QuantLib
A free/open-source library for quantitative finance
Reference manual - version 1.20
FRA.cpp

This example values a forward-rate agreement (FRA) at different forward dates under two yield curve assumptions. It thereby illustrates how set up a term structure, and to use it to price a simple forward-rate agreement.

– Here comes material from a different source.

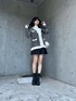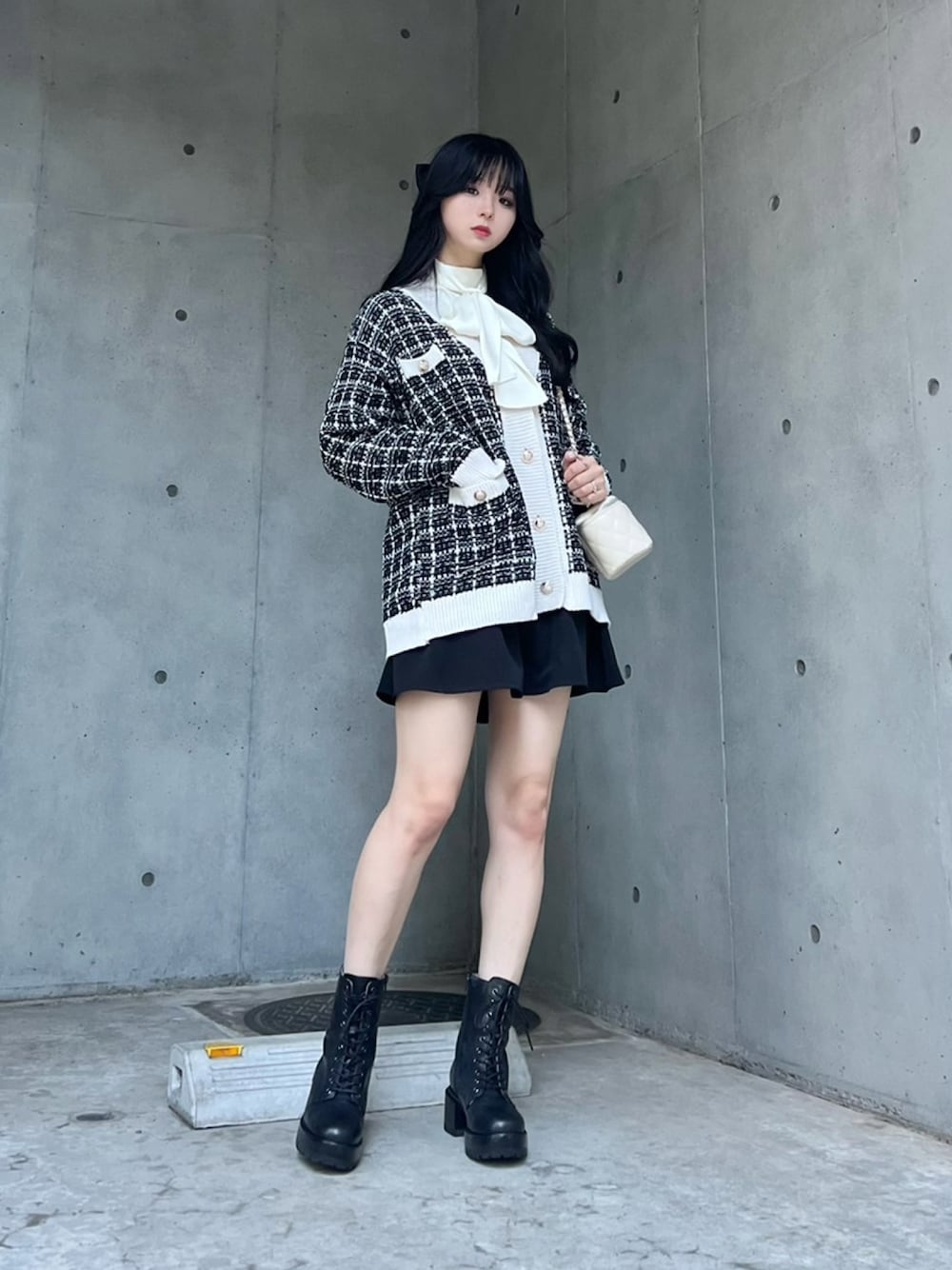 poyoのカーディガン/ボレロ「【ファッションインフルエンサーPOYO×titty&Co.PETIT 】ツイードチェックゆるカーディガン」を使ったコーディネート

/* -*- mode: c++; tab-width: 4; indent-tabs-mode: nil; c-basic-offset: 4 -*- */
/* This example shows how to set up a term structure and price a simple
forward-rate agreement.
*/
#include <ql/qldefines.hpp>
#ifdef BOOST_MSVC
# include <ql/auto_link.hpp>
#endif
#include <ql/instruments/forwardrateagreement.hpp>
#include <ql/termstructures/yield/piecewiseyieldcurve.hpp>
#include <ql/termstructures/yield/ratehelpers.hpp>
#include <ql/indexes/ibor/euribor.hpp>
#include <ql/time/daycounters/actualactual.hpp>
#include <iostream>
#define LENGTH(a) (sizeof(a)/sizeof(a[0]))
using namespace std;
using namespace QuantLib;
#if defined(QL_ENABLE_SESSIONS)
namespace QuantLib {
ThreadKey sessionId() { return 0; }
}
#endif
int main(int, char* []) {
try {
std::cout << std::endl;
/*********************
*** MARKET DATA ***
*********************/
ext::shared_ptr<IborIndex> euribor3m(
new Euribor3M(euriborTermStructure));
Date todaysDate = Date(23, May, 2006);
Settings::instance().evaluationDate() = todaysDate;
Calendar calendar = euribor3m->fixingCalendar();
Integer fixingDays = euribor3m->fixingDays();
Date settlementDate = calendar.advance(todaysDate, fixingDays, Days);
std::cout << "Today: " << todaysDate.weekday()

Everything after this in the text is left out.